Supreme Court correctly denied appellants' motion to remove the restraints and escrow requirements imposed on the property in connection with securing an arbitration award, as the restraints and escrow requirements were warranted under the circumstances presented here (see Rosasco v Cella, 124 AD3d 447, 448 [1st Dept 2015]; Ficus Invs., Inc. v Private Capital Mgt., LLC, 61 AD3d 1, 12 [1st Dept 2009]). Although defendant Russell Abrams turned over to petitioners his 1% interest in nonparty appellant Sepi Realty, LLC, purportedly to secure the amount he owed in accordance with the judgment on the arbitration award, Sepi Realty is 99% owned by appellant Sandra Abrams, who is not subject to the arbitration judgment. The record also presents an issue as to whether the transfer of the property to Sepi Realty, effected in contempt of a prior court order, was done to dilute Russell's assets. In the orders at issue, the court did not make a final ruling requiring the disbursing of any such escrowed funds or a final determination that such escrowed money may properly be turned over to petitioners. Rather, the court's orders merely secure the proceeds of the sale of the property in the event petitioners can make an evidentiary showing that would entitle them to the release of the funds. Further, the restraints do not impose an unreasonable interference with the property.
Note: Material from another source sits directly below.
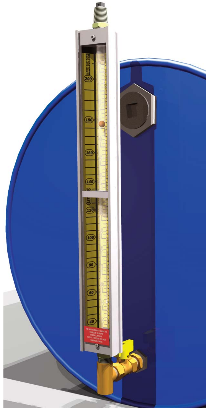
Above: Cooper's Hawk Barrel Gauge installed on the 3/4 NPT bung of a 55 gal drum, with metering valve.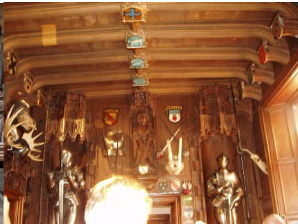
Figure 39: The Entrance Hall at Abbotsford; paneling of oak and cedar and carved ceilings

[*2]Insofar as Supreme Court implicitly denied appellants' motion for damages under CPLR 6312 (b), the motion was properly denied, to the extent reviewable on the record here. CPLR 6312 (b) provides that "prior to the granting of a preliminary injunction, the plaintiff shall give an undertaking in an amount to be fixed by the court, that the plaintiff, if it is finally determined that he or she was not entitled to an injunction, will pay to the defendant all damages and costs which may be sustained by reason of the injunction." Appellants have not made any of the showings necessary for relief under this provision.
To the extent appellants appeal from Supreme Court's granting of the motion to hold them in contempt of prior orders, their arguments are meritless. The record makes clear that appellants failed to comply with the court's directives ordering them to provide notice of a pending transaction to sell the property.
We have considered appellants' remaining arguments and find them unavailing. Concur—Scarpulla, J.P., Kapnick, Pitt-Burke, Michael, Hagler, JJ.